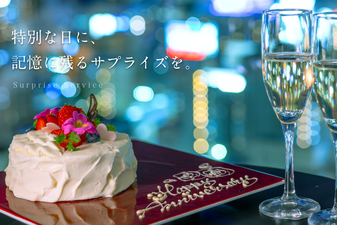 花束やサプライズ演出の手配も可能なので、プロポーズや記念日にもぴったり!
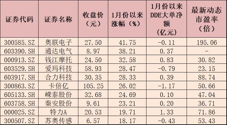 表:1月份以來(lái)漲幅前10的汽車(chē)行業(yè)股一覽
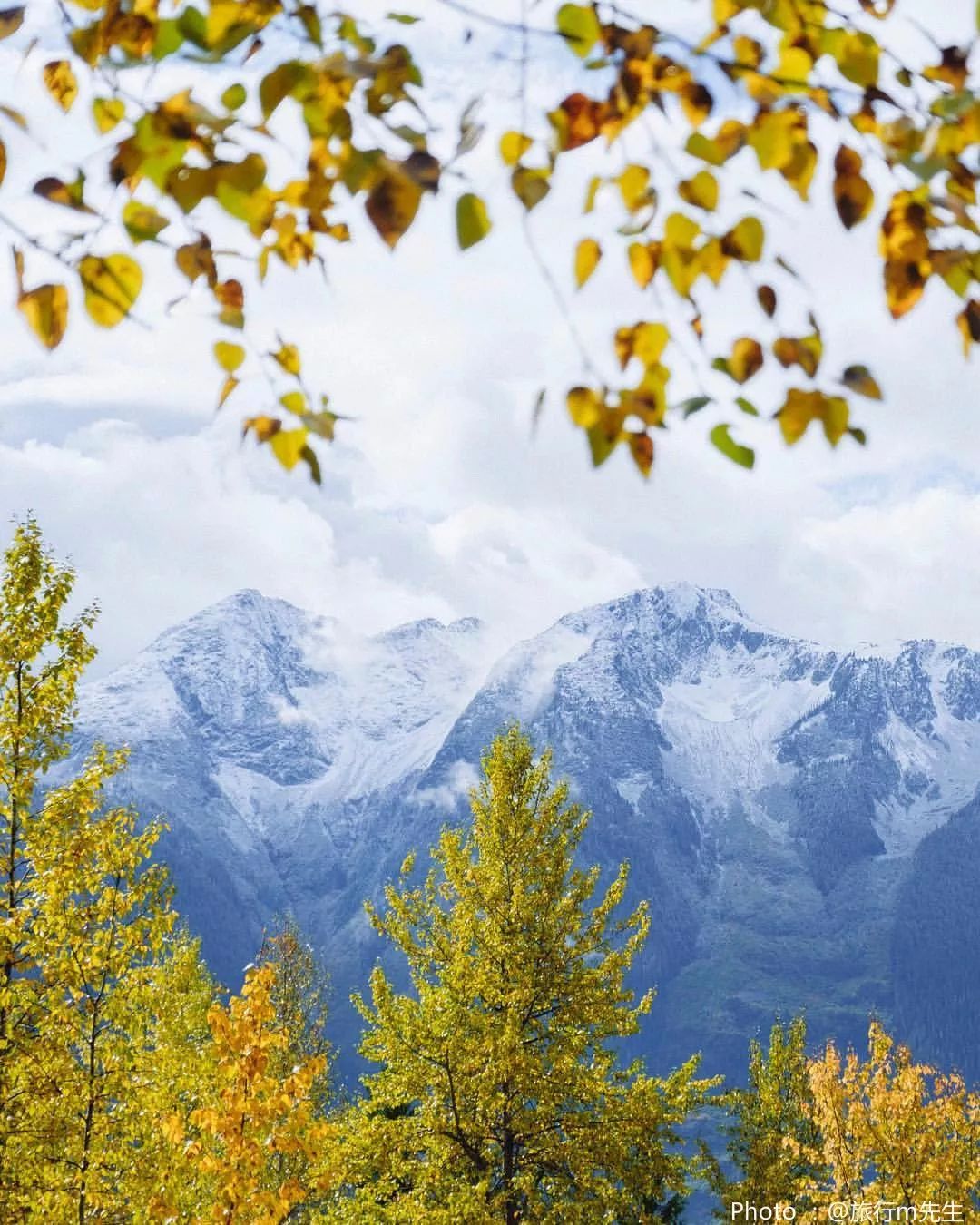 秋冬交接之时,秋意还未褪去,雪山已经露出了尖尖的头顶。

* * *

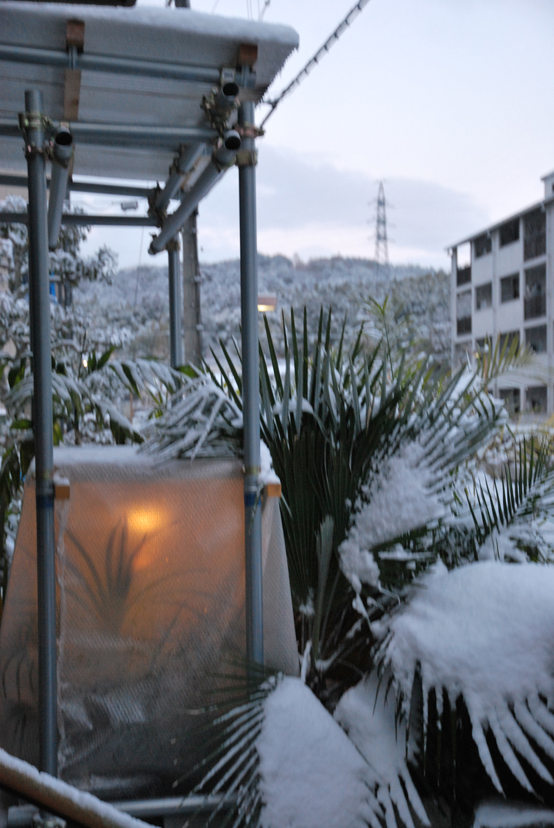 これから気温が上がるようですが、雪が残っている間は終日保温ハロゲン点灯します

...

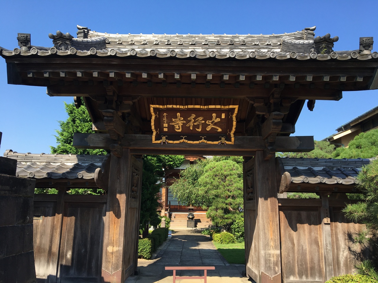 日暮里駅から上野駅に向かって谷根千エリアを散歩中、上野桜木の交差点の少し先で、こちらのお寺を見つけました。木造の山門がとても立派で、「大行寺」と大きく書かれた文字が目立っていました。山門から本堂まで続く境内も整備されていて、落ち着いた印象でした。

▶ Task to carry out
In the records above, find the line with "表:1月份以來(lái)漲幅前10的汽車(chē)行業(yè)股一覽" and the line with "秋冬交接之时,秋意还未褪去,雪山已经露出了尖尖的头顶。", then restate word for word only those two lines and all lines between, omitting pictures.

▶ Exercise response
 表:1月份以來(lái)漲幅前10的汽車(chē)行業(yè)股一覽
 秋冬交接之时,秋意还未褪去,雪山已经露出了尖尖的头顶。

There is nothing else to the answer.